DILEMMA IN CATEGORIZATION OF SENSORS

Researchers who record electrical activities in airway mechanosensory units face a dilemma when categorizing them. For example, assessing AI when the lungs are inflated to a constant pressure results in a full range on a continuum of 0%–100%. Any cutoff line to identify RARs and SARs is arbitrary. By changing the cutoff line, the percentage of different types of sensors changes significantly.

Furthermore, AI can be inflation pressure-dependent (Fig. 1). AI increases as inflation pressure increases. Thus, the unit will be classified into SAR at 20–30 cmH₂O, but into IAR at 40 cmH₂O. Nevertheless, according to Knowlton and Larrabee (16) and Coleridge and Coleridge (7), this unit is an SAR because it has very regular discharge during the maintained lung inflation. Some units are really difficult to be placed into one category or other (Fig. 2). This unit will be classified into a typical SAR, IAR, and RAR at low, medium, and high inflation pressures, respectively. Dr. Sant’Ambrogio believed this is an SAR based on the behavior at low inflation pressure (see discussion on Fig. 5 in Ref. 34a). It is clear that no matter how criteria are set, some units cannot be classified. To solve the problems in categorization based on sensory behavior, I proposed that myelinated pulmonary afferents are connected to heterogeneous group of sensors (one-sensor theory). Their behaviors are like a spectrum with the typical RARs and SARs at two ends of the spectrum (36). This approach can accommodate all types of mechanosensory behaviors, but the same questions remain regarding the functions of those sensors in the middle of the spectrum.

Fig. 1.

This rabbit mechanosensory unit demonstrates the adaptation rate is inflation pressure dependent. AIs for 20 (30%, 270/190, peak/2nd sec mean), 30 (45.2%, 310/170), 40 (56.3%, 320/140) cmH₂O are different. The unit activity has two components when the lung inflated to 20, 30, and 40 cmH₂O. At 20 cmH₂O, the rapidly adapting component is small with a significant slowly adapting component. As the inflation pressure increases, the rapidly adapting component increased, whereas the slowly adapting component decreased. That is, the sustained activity of slowly adapting receptor (SAR) is highest at 20 cmH₂O and lowest at 40 cmH₂O, indicating a deactivation of SAR.

Fig. 2.

A sensory unit showing changes in discharge pattern during different lung inflation pressure. Note that higher inflation pressure produces a faster adaptation rate (AI). The lungs were sequentially inflated to 15 cmH₂O (A, 75%), 12 cmH₂O (B, 65%), and 7 cmH₂O (C, 28%). Unit activity ceases after adaptation at 15 cmH₂O. The activity after adaptation reached a plateau at 12 and 7 cmH₂O. Clearly, this unit has an initial rapidly adapting receptor (RAR) component and a delayed slowly adapting receptor (SAR) component. Adapted from Fig. 5 in Ref. 36.

DEFINITION OF TERMINOLOGY

So far, the terms used are conventionally accepted, but some are erroneous. Moving forward, the following terminology is used. A sensory receptor (or sensor) is an encoder, which is the basic device that can generate action potentials (34a). Thus, RAR and SAR are single sensors.
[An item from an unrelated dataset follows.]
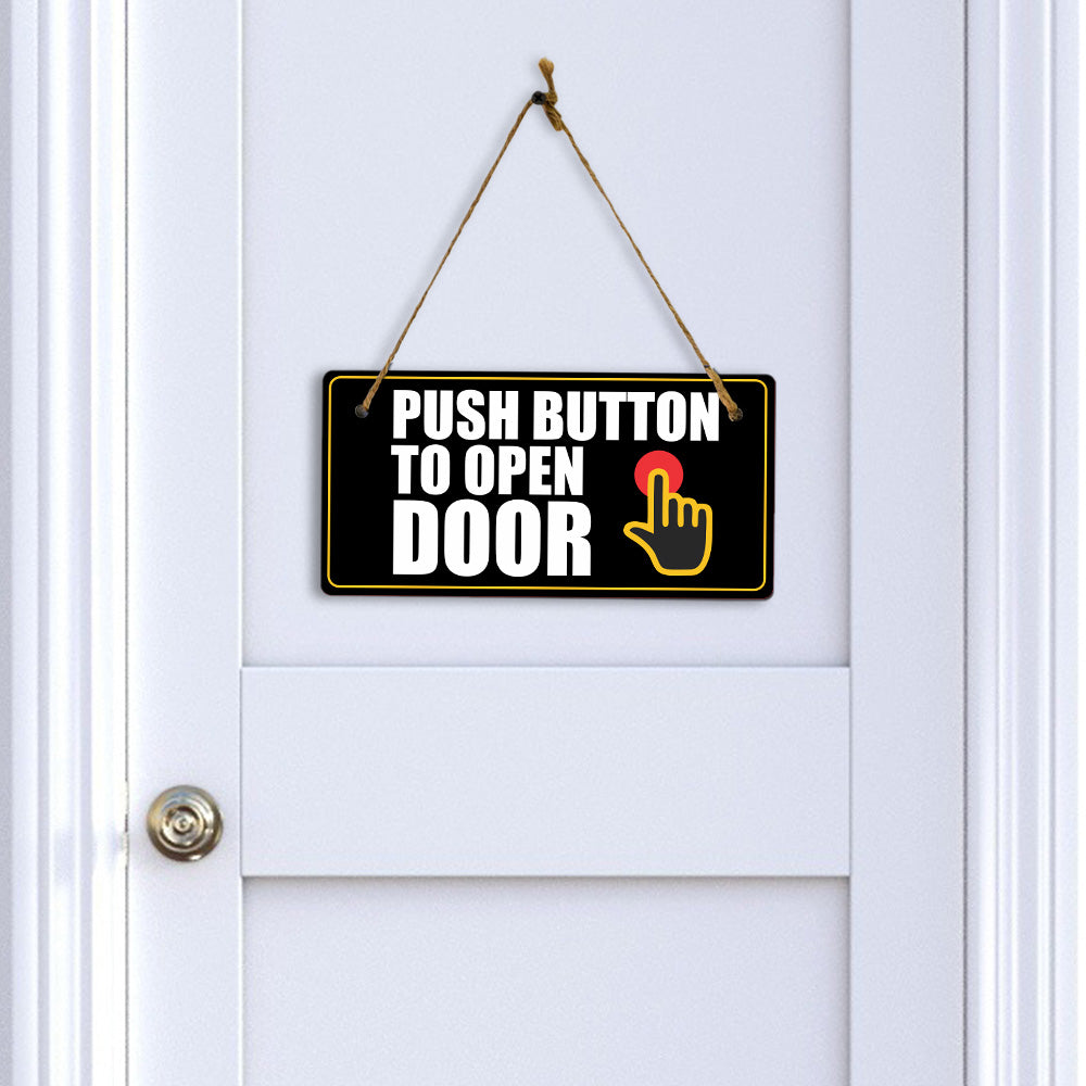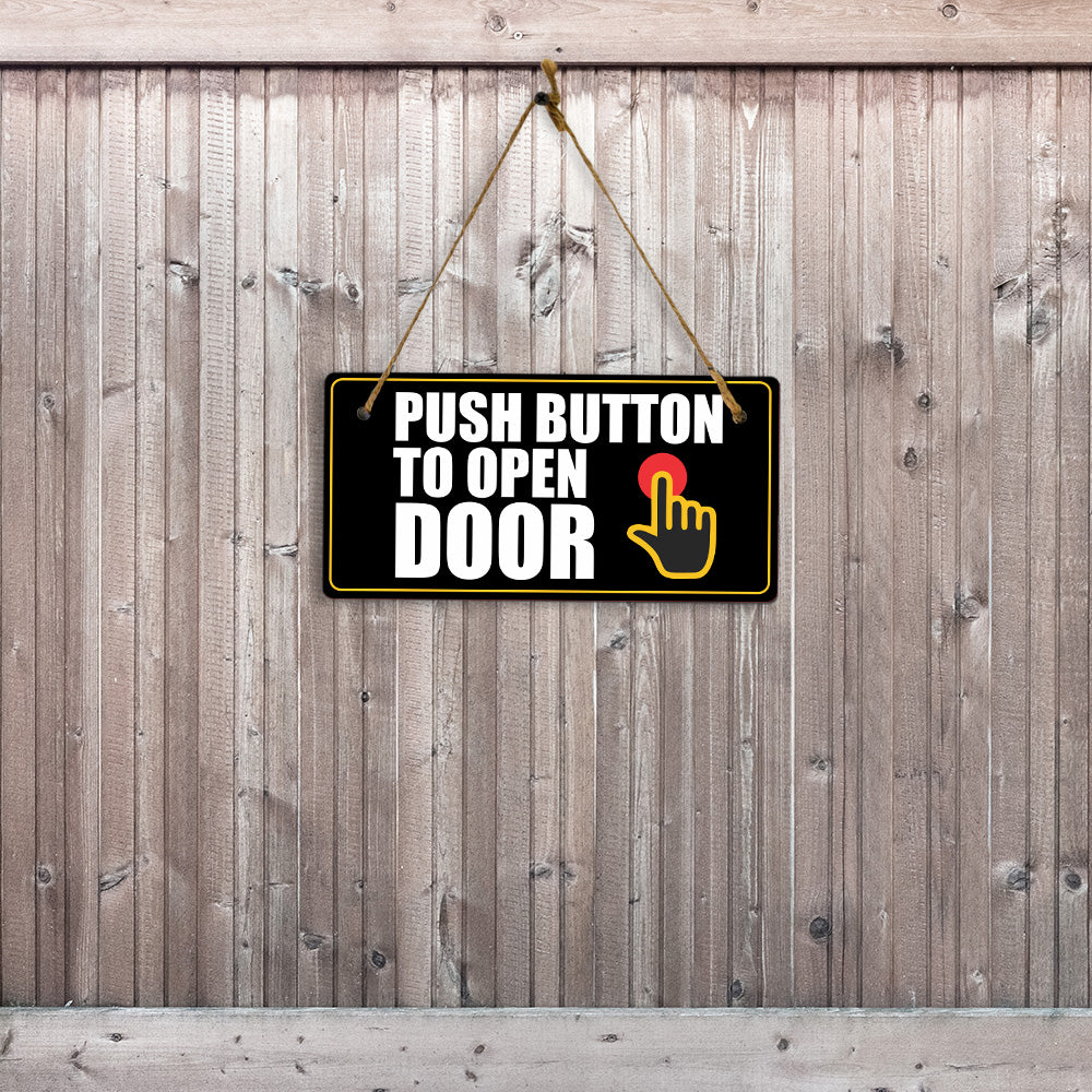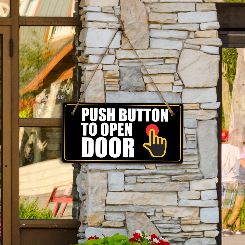 Introducing our versatile and stylish Push Button To Open Door, the perfect blend of style and sophistication to elevate your home or workplace. Our 5x10 Hanging Sign range is the perfect choice for your home, workplace or business. Each sign is attached with rustic twine, providing a charming and versatile accent for any space. Our curated designs effortlessly complement a variety of styles, from rustic farmhouse or Modern Chic, to simple and functional options. Choose from our diverse range of designs to personalize your space. Whether it's a warm welcome at the entrance, a motivational quote for your workspace, or a playful touch for the kids' room, our Hanging Wall or Door Signs are the perfect way to express your unique style.

A sensory unit is a functional unit that transmits action potentials to the CNS. It consists of many sensors, which can be heterogeneous or homogeneous (multiple-sensor theory). A receptor structure is a morphological term where several sensors connected by a parent axon are observed under a microscope. A sensory unit may have more than one such structure (Fig. 3). The conventionally reported “RARs,” “SARs,” and “IARs” could be named as rapidly, slowly, and intermediate adapting units, respectively.

Fig. 3.

A double staining approach to illustrate slowly adapting receptor (SAR) sensory structures identified in rabbit airways. Na⁺-K⁺-ATPase stains all structures in the sensory unit (red), whereas myelin basic protein (MBP) stains the myelin sheath (green) and shows yellow (costaining) in the composite figure (top-right and bottom parts). Clearly, the axon is demyelinated before it reaches the end formation. Thus, the receptor can be identified (pure red portions without costain with MBP). Top (small airway, 300 µm in diameter): the parent axon of the sensory structure is running from the bottom up. It gives off three branches, indicated by white arrows 1, 2, and 3 in the top left. Its first branch is at the bottom of the figure, the second one in the middle part, and the third one at the upper part. Six receptors can be identified in this microscopic view (1 in the first branch, 3 in the second, and 2 in the third). They are showing red on double stain. Bottom (trachea): two parent axons (one starts at top-right and one at low left, indicated by white arrows 1 and 2) can be identified. The top-right sensory structure (1) has 9 receptors and the bottom-left one (2) has 13 receptors. Insets are enlarged to illustrate the sensory receptors. Adapted from Fig. 1 in Ref. 19 with permission.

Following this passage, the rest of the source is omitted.